The first lens L1 and the fourth lens L4 have a bi-aspheric form. This makes it possible to implement a beam deflection using lenses with a high refractive power. In the process, arising aberrations, in particular spherical aberrations, are corrected on account of the aspheric form of the first lens L1 and the fourth lens L4. It is consequently possible to use a smaller number of lenses in the optical system 7 according to the invention in comparison with the embodiment of the optical system 7 according to the invention explained further above. This applies in particular to the first lens group LG1, which in this embodiment of the optical system 7 according to the invention comprises only two lenses, specifically the first lens L1 and the second lens L2, on account of the bi-aspheric form of the first lens L1 and the fourth lens L4. In addition, it is advantageous that a longitudinal chromatic aberration can be corrected by the cemented member, which is formed by the fifth lens L5 and the sixth lens L6. The aforementioned cemented member is an achromatic cemented member, for example. In particular, provision is made for the fifth lens L5 to be made of a flint glass and for the sixth lens L6 to be made of a crown glass. The further lenses of this embodiment of the optical system 7 according to the invention are formed from a crown glass, for example.
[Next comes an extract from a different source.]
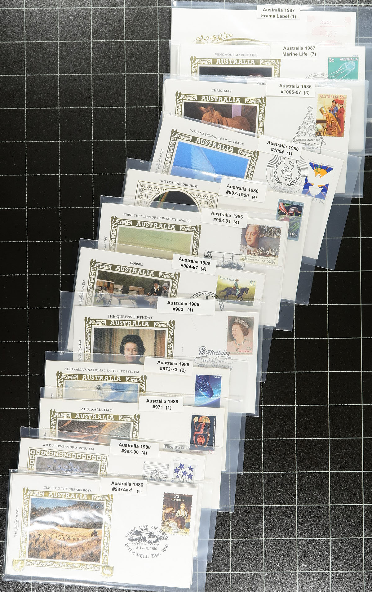 Group of roughly 300 Australia first day covers, 1980's-2000's, containing single and set franking, all individually sleeved and identified by Scott number. The lot includes 194 Benham first day covers with silk cachets, with all covers being unaddressed. A high retailing lot that should appeal to collectors and dealers alike. Estimate =

FIG. 11 shows a fourth embodiment of the optical system 7 according to the invention, which has an optical axis OA that corresponds to the optical axis OA of the piece of night vision equipment 1. An eyepiece 6 comprises a first lens group LG1 and a second lens group LG2. As seen counter to the light incidence direction L, the first lens group LG1 is arranged first along the optical axis OA, followed by the second lens group LG2. An intermediate image ZB is arranged between the first lens group LG1 and the second lens group LG2. More precisely, the intermediate image ZB is arranged on a surface of a lens of the first lens group LG1, as will be explained further below.
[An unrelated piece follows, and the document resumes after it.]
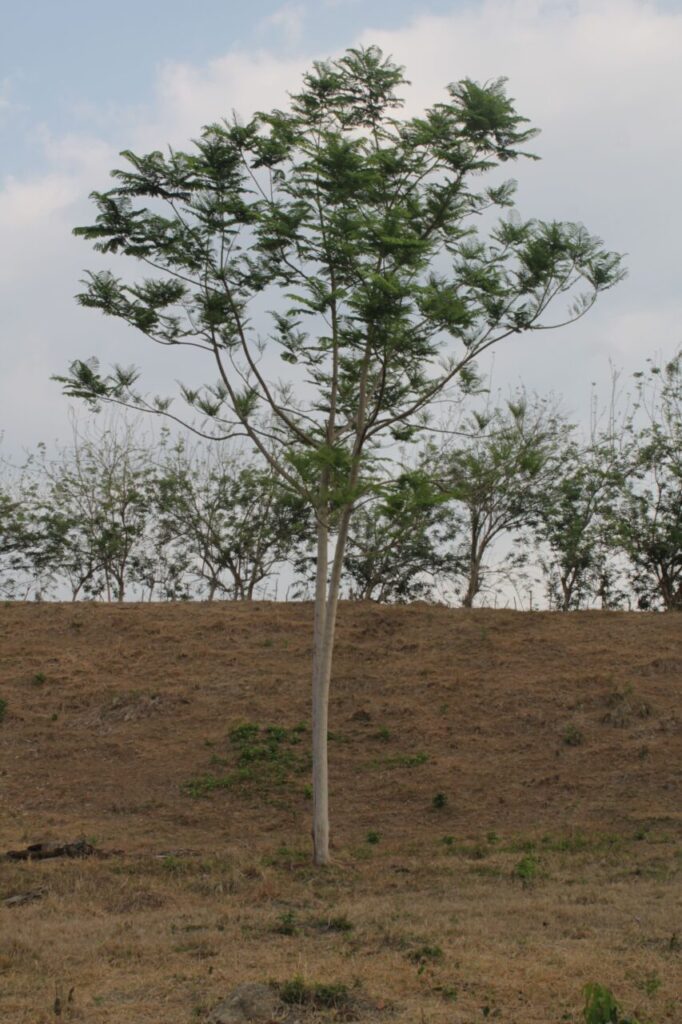 Propiedades foliares: Presentan hojas bipinnadas, de 30–50 cm en adultos, con 7–11 pares de pinnas y numerosos folíolos, concentradas en la copa, dando aspecto de helecho arborescente.

The first lens group LG1 of the embodiment of the optical system 7 according to the invention in accordance with FIG. 11 comprises a first lens L1 and a second lens L2. As seen counter to the light incidence direction L, the first lens L1 is arranged first along the optical axis OA, followed by the second lens L2. The first lens L1 has positive refractive power. The second lens L2 has negative refractive power.

The second lens group LG2 of the embodiment of the optical system 7 according to the invention in accordance with FIG. 11 comprises a third lens L3, a fourth lens L4, a fifth lens L5, a sixth lens L6, a seventh lens L7, and an eighth lens L8. As seen counter to the light incidence direction L, the third lens L3 is arranged first along the optical axis OA, followed by the fourth lens L4, then the fifth lens L5, then the sixth lens L6, then the seventh lens L7, and then the eighth lens L8. The third lens L3 has positive refractive power. The fourth lens L4 has positive refractive power. The fifth lens L5 has negative refractive power. The sixth lens L6 has positive refractive power. The seventh lens L7 has negative refractive power and the eighth lens L8 has positive refractive power.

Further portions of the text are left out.